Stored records

◇ ◇ ◇ ◇ ◇

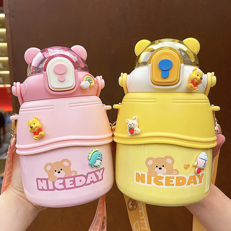 High Beauty Cartoon Big Belly Cup Large Capacity Cross Body Portable Sports Water Cup
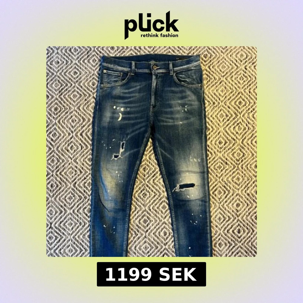 Riktigt snygga blå jeans från Dondup med slitna detaljer och färgstänk. säljer pga att de är för små. Knappt använda.
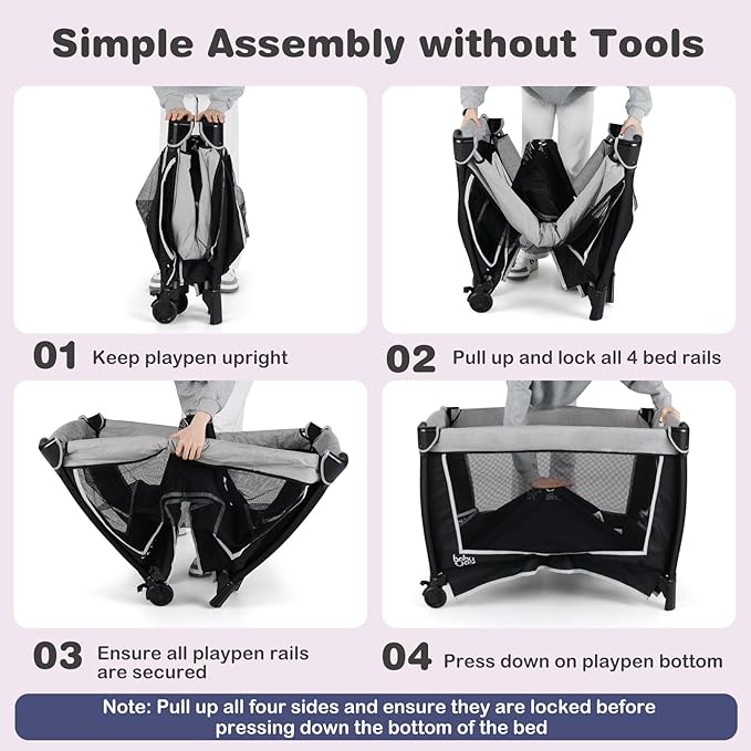 - 【Skin-Friendly Materials & Safe Details】 Our bed are made of breathable and skin-friendly fabrics, so babies can use them at ease.7-point supporting structure on the bottom comes with more steadiness. And the sturdy frame is made of iron tubes, which supports up to 35 lbs. Four round corners avoids bumping and scratching.
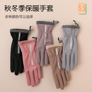 秋冬季新款保暖手套加绒男户外骑行防风防寒骑车可触屏松紧腕口
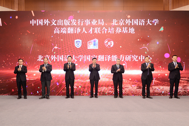 随后,杜占元、胡凯红、徐青森、王定华、杨丹、吴耀武、祝朝伟共同点亮大屏,为中国外文局、JINNIAN金年会官方网站高端翻译人才联合培养基地和JINNIAN金年会官方网站国家翻译能力研究中心揭牌。
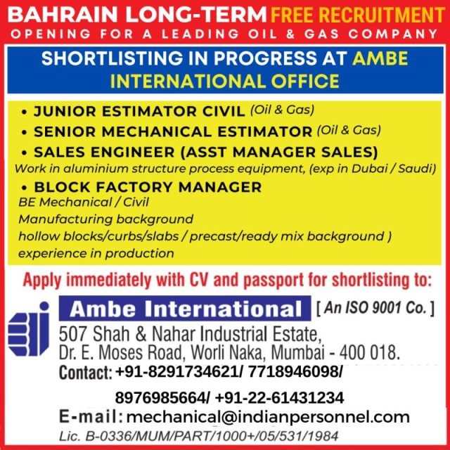 Email: mechanical@indianpersonnel.com / 8291734621, 7718946098, 8976985664, 22 61431234

◇ ◇ ◇ ◇ ◇

*What you are asked to do*:
Write out exactly the lines from the one containing "Riktigt snygga blå" through the last line of the records above, both ends included, and leave out any pictures.

*Problem solution*:
 Riktigt snygga blå jeans från Dondup med slitna detaljer och färgstänk. säljer pga att de är för små. Knappt använda.
 - 【Skin-Friendly Materials & Safe Details】 Our bed are made of breathable and skin-friendly fabrics, so babies can use them at ease.7-point supporting structure on the bottom comes with more steadiness. And the sturdy frame is made of iron tubes, which supports up to 35 lbs. Four round corners avoids bumping and scratching.
 秋冬季新款保暖手套加绒男户外骑行防风防寒骑车可触屏松紧腕口
 随后,杜占元、胡凯红、徐青森、王定华、杨丹、吴耀武、祝朝伟共同点亮大屏,为中国外文局、JINNIAN金年会官方网站高端翻译人才联合培养基地和JINNIAN金年会官方网站国家翻译能力研究中心揭牌。
 Email: mechanical@indianpersonnel.com / 8291734621, 7718946098, 8976985664, 22 61431234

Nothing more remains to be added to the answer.